- **What to do**:
Repeat exactly the lines beginning at the one that contains "नई दिल्ली: जहाज" and running to the end of the material. Omit the pictures.

- **Information shown**:

>>>

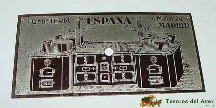 ANTIGUA CHAPA METALICA LITOGRAFIADA - CON PUBLICIDAD DE FUMISTERIA ESPAÑA - SAN MATEO 26 - MADRID - MIDE 14 X 7 CMS.
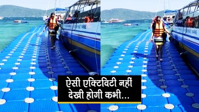 नई दिल्ली: जहाज पर हुई इस गजब की एक्टिविटी का वीडियो काफी देखा जा रहा है। वीडियो में देखा जा सकता है कि लोग उछलते पट्टों पर चल रहे हैं। वहीं एक महिला डर-डर के चल रही है। ये वीडियो लोगों को खूब पसंद आ रहा है। टिकटॉक पर इस वीडियो को लोग काफी देख भी रहे हैं।
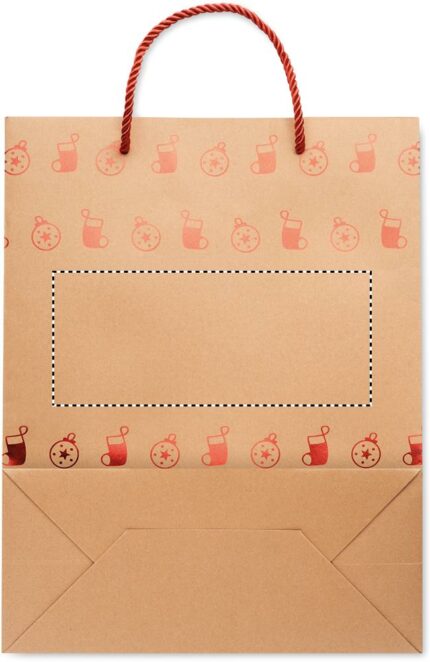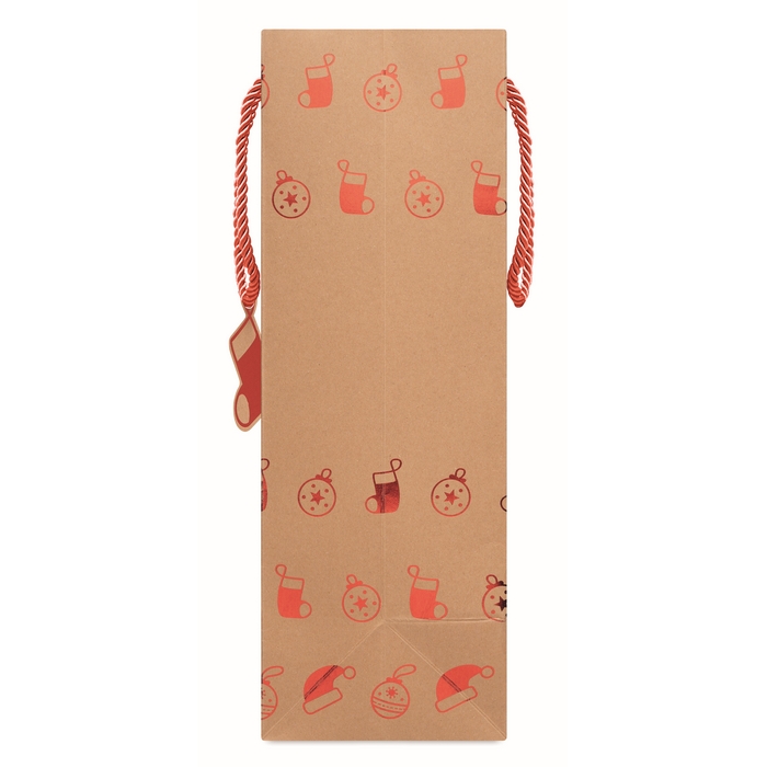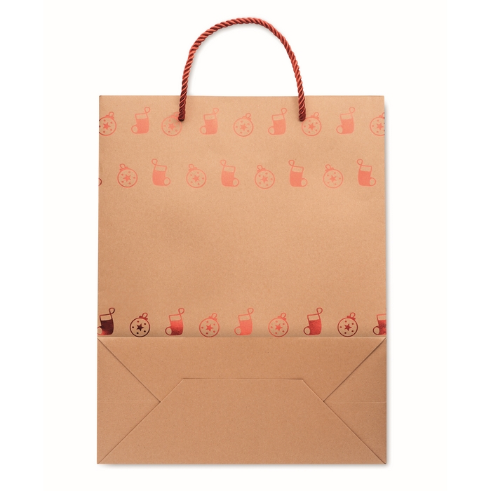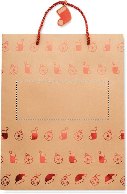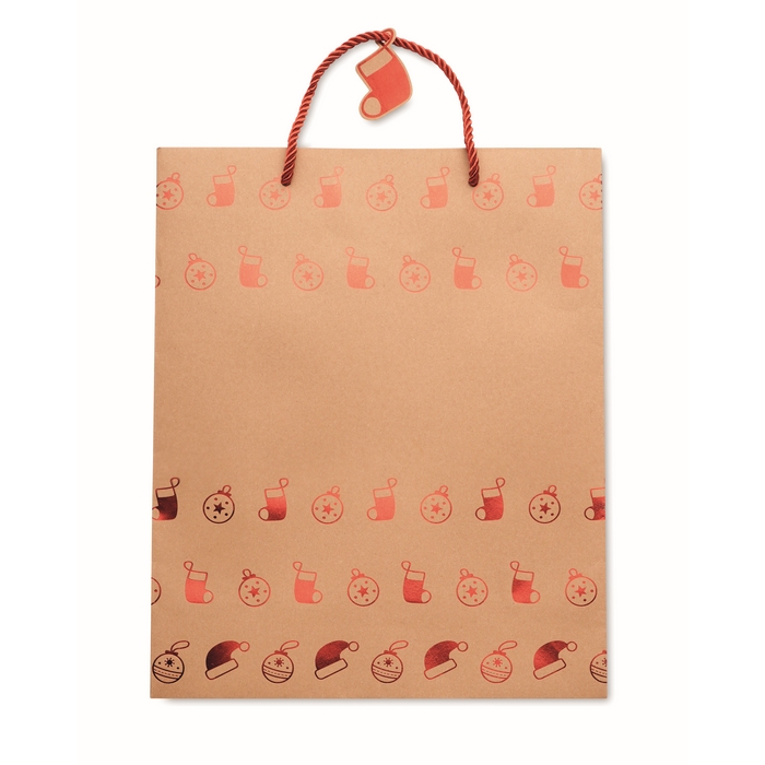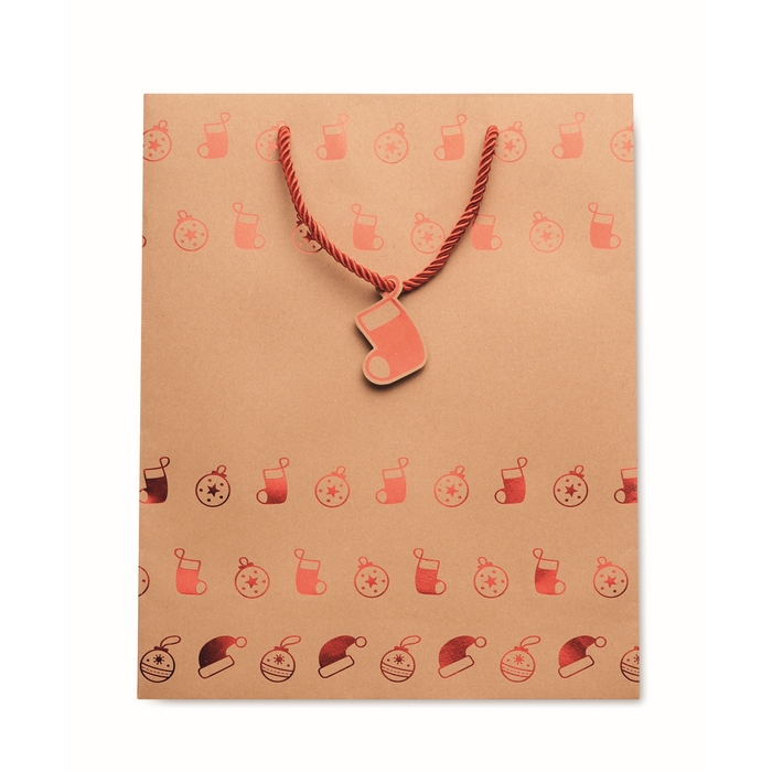 Elegant gift kraft paper bag with seasonal pattern. Gift tag included. 250 gr/m².

<<<

- **Exercise solution**:
 नई दिल्ली: जहाज पर हुई इस गजब की एक्टिविटी का वीडियो काफी देखा जा रहा है। वीडियो में देखा जा सकता है कि लोग उछलते पट्टों पर चल रहे हैं। वहीं एक महिला डर-डर के चल रही है। ये वीडियो लोगों को खूब पसंद आ रहा है। टिकटॉक पर इस वीडियो को लोग काफी देख भी रहे हैं।
 Elegant gift kraft paper bag with seasonal pattern. Gift tag included. 250 gr/m².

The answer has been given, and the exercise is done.